By Razen Manandhar
Among fifty plus monuments constructed in the various stages of the history, the most commonly visited shrine in Hanumandhoka Durbar Square area is the insignificant temple of Ganesha, the elephant-headed god. It is associated with the social life of the public as well as the royals of the Himalayan Kingdom.
The temple of Ashok Binayak is situated at the east of Hanumandhoka Durbar Square Protected Monument Zone, beside the tumultuous vegetable and flower market. It is dwarfed by the giant pagoda structure of Kasthamandap that stands in front of the temple but the locals automatically turn themselves to the temple and take a round from the left whenever they arrive at the courtyard of Maru.
The Ganesh temple, however, is still waiting for the proved accounts of its history. The only historical evident we have about the temple is that it was renovated in 1850 AD that certainly cannot be the date of origin of the temple. It is the unwritten history and the strong belief of the locals that the insignificant shrine among the grandiloquent temples of the monument zone draws hundreds of pilgrims to its small threshold. The legends give credit of initiating religious rituals to a Tantric priest Jamana Gubhaju and continuing the rituals and caretaking the temple to a local merchant Dhamanan Sayami. Perhaps this is the reason the Ganesh is held to be deified incarnation of oil pressers (Manandhars).

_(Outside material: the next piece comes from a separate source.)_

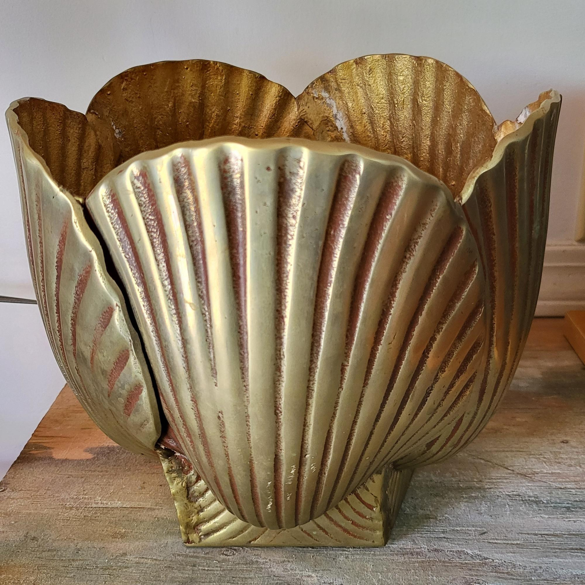 Heavy, solid brass with nice patina, clamshell planter. Measures 9" x 8.5"

According to a legend, the area where the temple is situated today was once upon a time a big jungle and people found the miraculous idol of Ganesh there. The legend implies that it belongs to the time long before Hanumandhoka as a royal palace came into existence. But as it was cramped among trees, the makers could not give the final touch by adding a pinnacle to the small temple. Branches of an Ashok tree was hanging above the temple. So the people named it Ashok Binayak. The tree shaped decoration inside the temple that is hardly visible these days, are the reminders of the Ganesha’s love the Ashoka tree that gave him its name.
The temple is only a small chamber, no garbhagriha or doors from other directions. From outside, almost all parts of the front is covered with brass plates. The reppouse plates resemble the wooden structures behind. A decorated Torana is on the top of the gate, which is tightly tucked up with iron bars, to save it from the hand of art thieves but a small Ganesh figure under the Torana has been missing. Two lions at the door and a shrew across the street guard the temple. Four ancient looking pillars inside the temple indicate the ancient structure of the temple. Like in the shrine of Budha Nilkantha, the pillars were meant to make the temple roof but it kept falling off, as people believed it, due to the God’s unwillingness to dwell under a roof. And people left the temple without completing the roof. This legend supports another logic behind the temple’s missing pinnacle.
The stone idol that has endured innumerable pilgrims’ beggings, and scraping of "prasad" is seated on the floor. With an unusually big face, the god with elephant’s head sits with four hands. On every Tuesdays, the stone idol is given a "cover" of copper idol and during major festivals like Dashain, the temple is decorated with silver idol. Recently, a gold plated idol was made for ceremonial purposes. His Majesty King Gyanendra was also present on the occasion.
A pilgrim hardly gets enough space in front of the temple to sit and ask for his blessing. And the busy pilgrims find it easy to "salute" the poor god from outside. Irrespective of its indistinct history and archaeological value, people throng themselves to the temple every day with unlimited desires they believe will be fulfilled by bless of Ganesh.
The metal idol of Ashok Binayak is taken around the core city on the eighth day of Dashian. The locals offer animal sacrifices and flowers to the god who runs from one street to another in hurry. The chariot of Ganesh is also taken to Simha Durbar and Narayanhiti Royal Palace to grace offerings.
Members of royal family take their children to the temple of Ganesh temple to accomplish rituals of rice-feeding, bratabandha and wedding. Similarly visiting the temple is a must part of coronation of every monarch of the country.
One among the four guarding Ganesh: Surya Binayak (Bhaktapur), Chandra Binayak (Chabahil), Jal Binayak of (Chobhar) remaining the three.